Кровь густой волной хлынула на косицу и открытые еще глаза. И парнишка, опустив руки, ошеломленно глядел, как лошадь медленно оседала, все глубже проваливаясь в снег горячим брюхом, как осторожно опускала морду на окровавленный снег. И была в ней поражающая душу покорность, и не было зла на человека…
Позже, в долгой своей жизни, Сергуне не раз приходилось видеть смерть живого, не раз приходилось и самому убивать. Но эта смерть лошади навсегда оставила в нем, как заноза, ощущение вечной вины человека перед слабыми мира сего. И долго, долго потом все вспоминалась эта усталая крестьянская лошадь, которая первой пробивала дорогу и отдала людям все, даже шкуру свою и мясо.

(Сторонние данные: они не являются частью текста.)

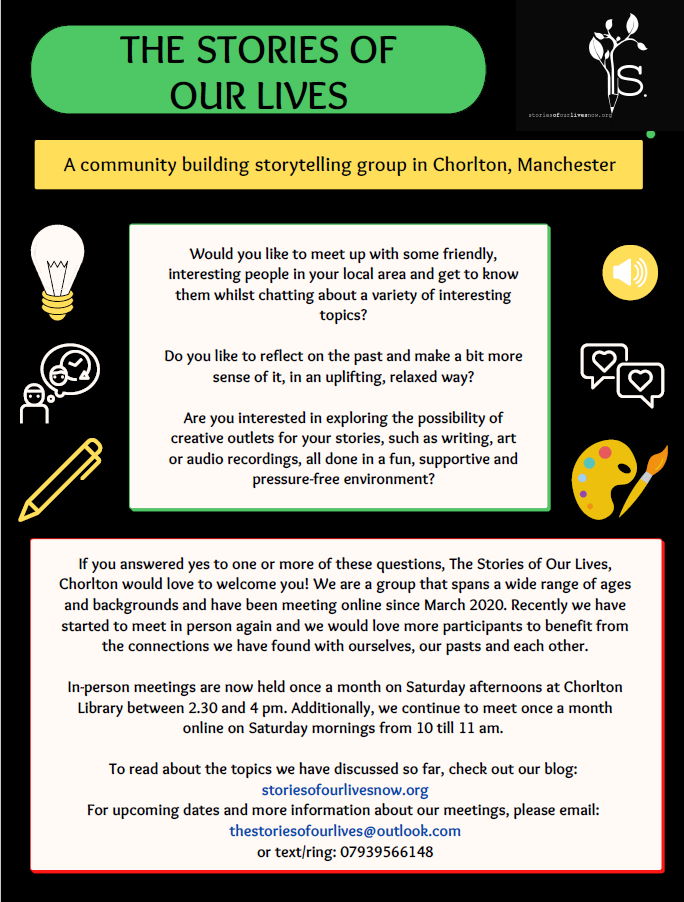 2. The Stories of our Lives sessions taking place on Zoom and in the library, recalling memories around all sorts of topics.

Старик поворошил веткой живые, красные угли костра, подгреб жар к середине, под раскаленный тлеющий ствол, и стал помаленьку укладываться. Набросал хвои повыше, положил рядом лыжи, ружье и улегся калачиком, умостив рюкзак под голову. Вокруг все спало, только в чаще чуть поскрипывал старый ствол. А тяжелые, насупленные деревья, утопающие в снегу, обступили и потемнели, отчетливо проступая в ночи.
Небо над ним было ясно, на удивленье огромно. Сергуня долго глядел в его прозрачность и глубину, стало казаться, что небо вбирает в себя его душу. Вбирает и растворяет по всей вселенной, и от этого он ощущал себя словно бы вездесущим. Он прикрыл веки и с этим прекрасным и незнакомым чувством начал задремывать в морозном и дивном просторе, сунув под мышки руки в варежках. Руки, которые еще помнили сладкую тяжесть ребенка, мягкое, теплое тельце Петьки под тонкой тканью рубашки.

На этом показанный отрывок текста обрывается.